Revenue Integrity Manager

4 weeks ago


Houston, United States Nexus Health Systems Full time
POSITION SUMMARY:

Under general direction from the Corporate Director, Revenue Cycle - the Manager, Revenue Integrity leads organizational initiatives related to Chargemaster, Facility Coding, Professional Coding, Charge Capture, Charge Reconciliation, Physician Documentation, Payer-specific Coding Requirements, and/or State-specific Coding Requirements.
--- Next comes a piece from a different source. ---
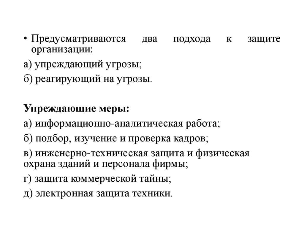 26. Организационные мероприятия по обеспечению экономической безопасности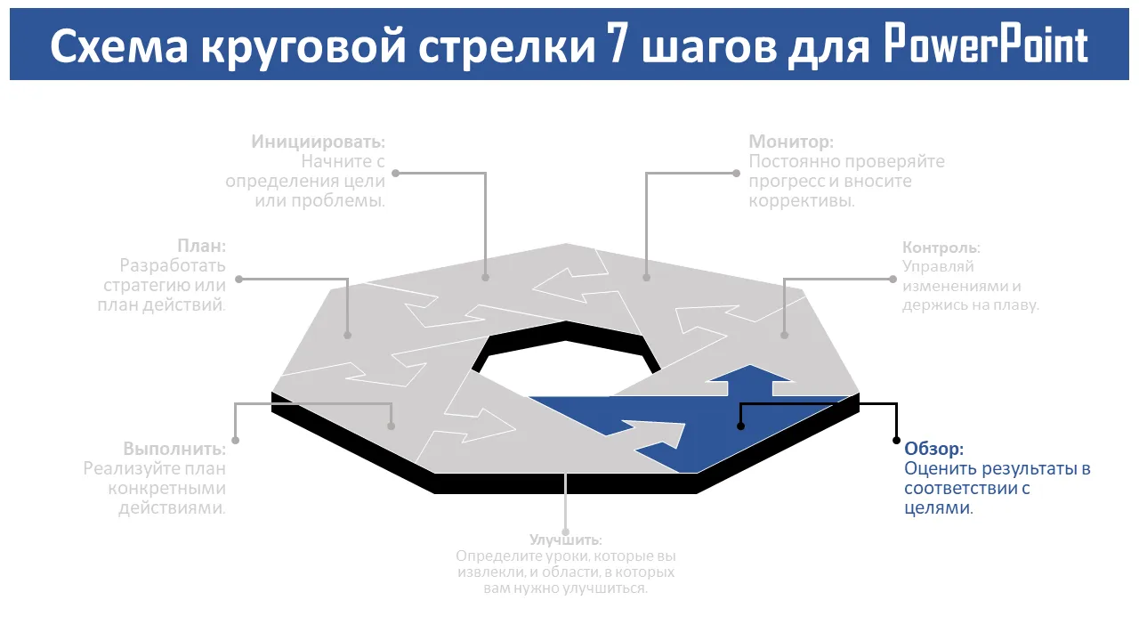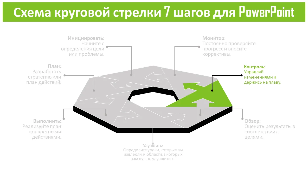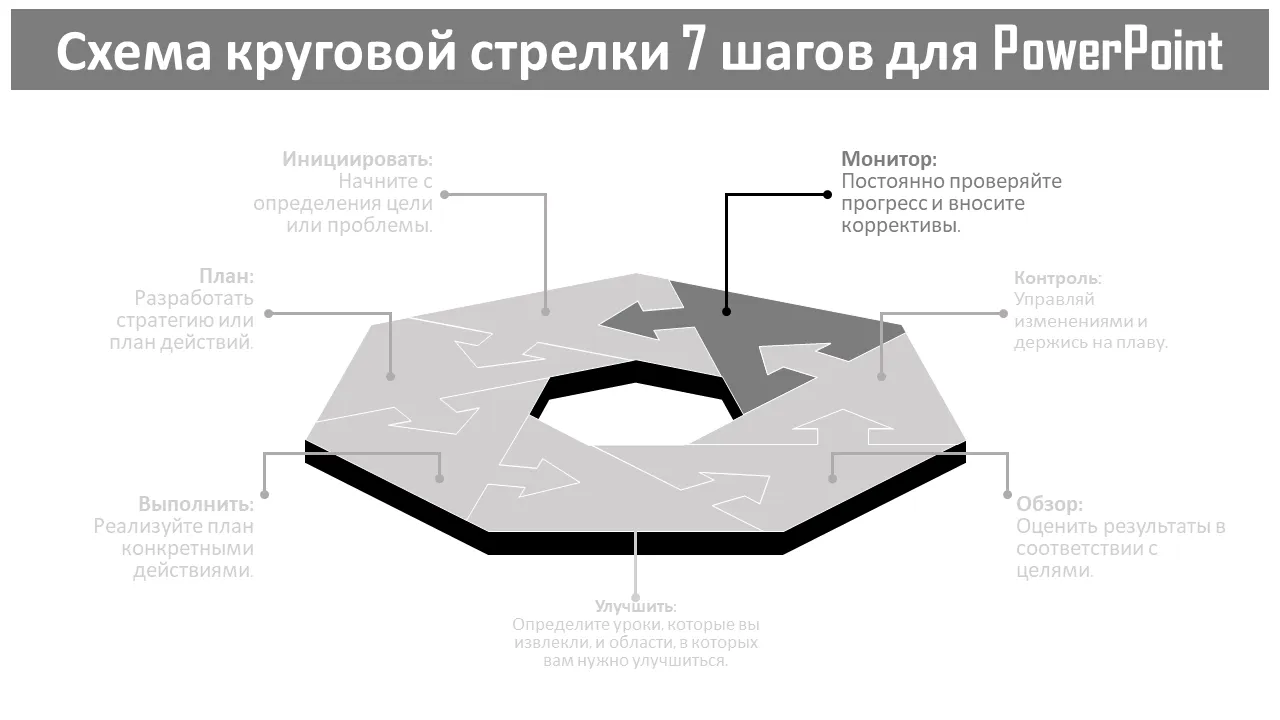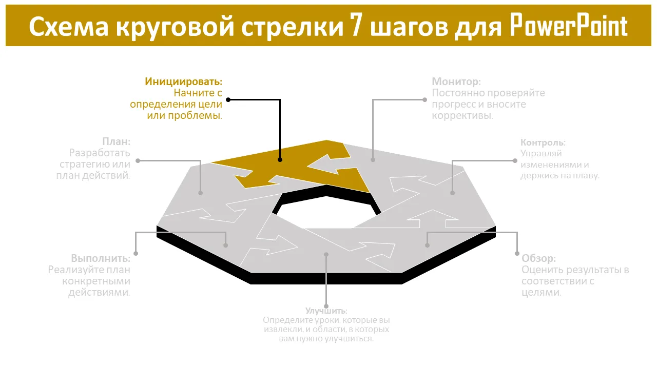 7-ступенчатая круговая диаграмма со стрелками. Объяснение шаблона PowerPoint.

The Manager of Revenue Integrity will develop and maintain relationships with external and internal stakeholders and foster improvements collaboratively across the organization.

JOB SPECIFIC RESPONSIBILITIES:
  • Maintain utmost level of confidentiality at all times.
  • Adhere to health system policies and procedures.
  • Demonstrate ethical business practices and personal actions and adhere to corporate compliance and integrity guidelines.
  • Maintains a sense of professionalism and self-validation.
  • Ability to communicate effectively with all stakeholders across the health system.
  • Responsible for promoting adherence to applicable State/Federal laws and regulations and the program requirements of accreditation agencies and Federal/State and private health plans in requests for third-party reimbursement.
  • Evaluate the use of Revenue Cycle electronic systems and offer recommendations to maximize reporting and revenue integrity accuracies.
  • Acts as a Revenue Integrity liaison with various IT teams handling various EMR modules to set up and maintain accurate charges flow.
  • Coordinates the administrative, legal, operational, and financial issues related to Revenue Integrity data with appropriate departments
  • Participate and lead the development and management of Revenue Integrity projects, workflows, and application builds.
  • Assist with the strategic and financial judgment necessary for profitable organizational growth.
  • Responsible for timely research and evaluation of Medicaid and Medicare regulations, as well as Commercial Payer regulations and changes to optimize reimbursement
  • Supports and participates in continuously assessing and improving the quality of care and services provided.
  • Performs Inpatient and Outpatient coding, including, but not limited to, DX, DRG, CPT, HCPCS, Modifiers, etc.
  • Ensures codes are accurate and sequenced correctly in accordance with government and insurance regulations.
  • Audits clinical documentation and coded data to validate documentation support services rendered for reimbursement and reporting purposes.
  • Participate in denials and appeals related to coding or clinical documentation.
  • Develop and maintain a Revenue Integrity policy and standard operating procedures.
  • Develop and maintain a Charge Description Master (CDM) for administered services and procedures.
  • Identifies KPIs for Revenue Integrity initiatives and collaborates with key stakeholders towards process improvements.
  • Identifies and interprets trends and patterns within Revenue Integrity and recommends resolution
  • Participate in new service or business line research and assessments.
  • Assists and participates in the development of department policies.
  • Develops and maintains revenue Integrity reporting.
  • Perform extensive data mining and testing of financial and clinical information from various decision support tools and software, as needed, for effective and accurate department reporting.
  • Maintains positive working relationships with other organizational departments such as Accounting & Finance, HIM, Compliance, and the Medical Staff to ensure the departments' responsibilities are performed expeditiously and thoroughly.
  • Performs other duties as assigned.
POSITION QUALIFICATIONS:

EDUCATION:
  • Associate's Degree in Nursing (RN) or Bachelor of Science in Nursing (BSN)
EXPERIENCE:
  • Minimum three years experience in the same or similar position.
LICENSURE/CERTIFICATION:
  • Current Core Inpatient Coding Certification from AAPC or AHIMA, such as CIC or CCS
  • CPP desired
  • Must pass a criminal background check on an annual basis.